Clarence Jefferson said he thinks his sister is living in Shiprock, N.M., with their parents,
who have custody of her two surviving children. When The Oregonian contacted her
parents by telephone, they said they did not know where Jefferson was. No one
responded to questions the newspaper sent to their address by certified mail.

Cole, the tribes' former chief investigator, said he is still troubled by the case.
"This is one I'll look back on 20 years from now, and it will still bother me," he said.
"There has been no justice for that child."
One mother, three deaths
Last New Year's Eve, while on tribal-court probation, Lillian Blackwolf tested positive
for methamphetamine and marijuana.
That could have cost Blackwolf custody of her 17-month-old-son, Kenneth Sconawah,
who had been taken away from her for most of the previous year because of her substance
abuse.
Instead, 14 days after one tribal judge found her guilty of violating her probation, another
one held a hearing to determine her fitness as a mother and granted her permanent
custody of Kenneth.
Lola Sohappy, the tribal judge who returned Kenneth, said she knew of Blackwolf's drug
test results.

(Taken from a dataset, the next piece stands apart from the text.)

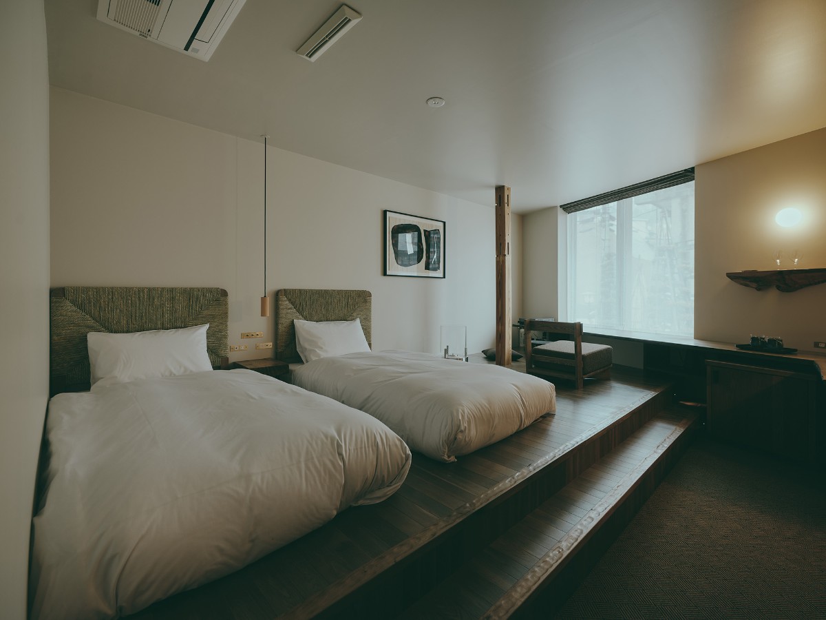 窓から差し込むやわらかな光に包まれた空間には、小上がりスペースとツインベッドを備え、ご友人やご家族でゆったりとお過ごしいただけます。

But Sohappy said Children's Protective Services officials had characterized
the drug use as a brief "relapse" and told her that subsequent urinalyses had come back
clean.
She said officials were adamant that Blackwolf was "back on the track."
"We're only as good as the information we receive from the experts," Sohappy said.
But Sohappy never asked them what drugs had turned up in Blackwolf's system.
"They didn't tell me what the substance was," she said. "I had no evidence that it was
meth."
Main, the Children's Protective Services director, disputes that account. She said her
agency asked for the right to continue monitoring the welfare of Kenneth and Blackwolf's
three other children, but Sohappy rejected that request.
Everyone agrees on this: No one called for removing Kenneth from his mother's home.
Eight days after Blackwolf regained permanent custody of Kenneth, she killed him.
After Kenneth's death, tribal prosecutor Tasympt said he sent a letter to other tribal

officials asking for a review of the case in hopes of discovering what had gone wrong. He
said he never got a reply.
"Our system let that child down," Tasympt said.
Federal prosecutors charged Blackwolf with second-degree murder. She at first
contended that Kenneth accidentally struck his head on a stove when she pushed him in a
moment of anger, records show.
A deputy state medical examiner later determined the injury could not have happened
that way and was caused by a blow equivalent in force to falling from a two-story
building.
Facing a possible life sentence, Blackwolf changed her plea to guilty in November in
exchange for federal prosecutors' recommendation that she serve 12 to 14 1/2 years in
prison. She is to be sentenced Feb. 17.
Williams, the federal prosecutor, said Kenneth's killing has prompted an investigation of
the deaths of two of Blackwolf's other infant sons.
One, a 3-month-old, asphyxiated in 1992 while in a hammocklike swing with a scarf tied
around him.
The other, a 2-month-old, died in 2000 of what was thought to be sudden infant death
syndrome. No autopsy was performed.
Creelman, the longtime Indian Health Service physician, said that lack of inquiry -required of Oregon counties and common on other reservations -- prevents Warm
Springs from finding clues that might save other lives.
"We need to make sure the whole process is looking out for the well-being of the child,"
he said. "Right now, the accountability isn't there."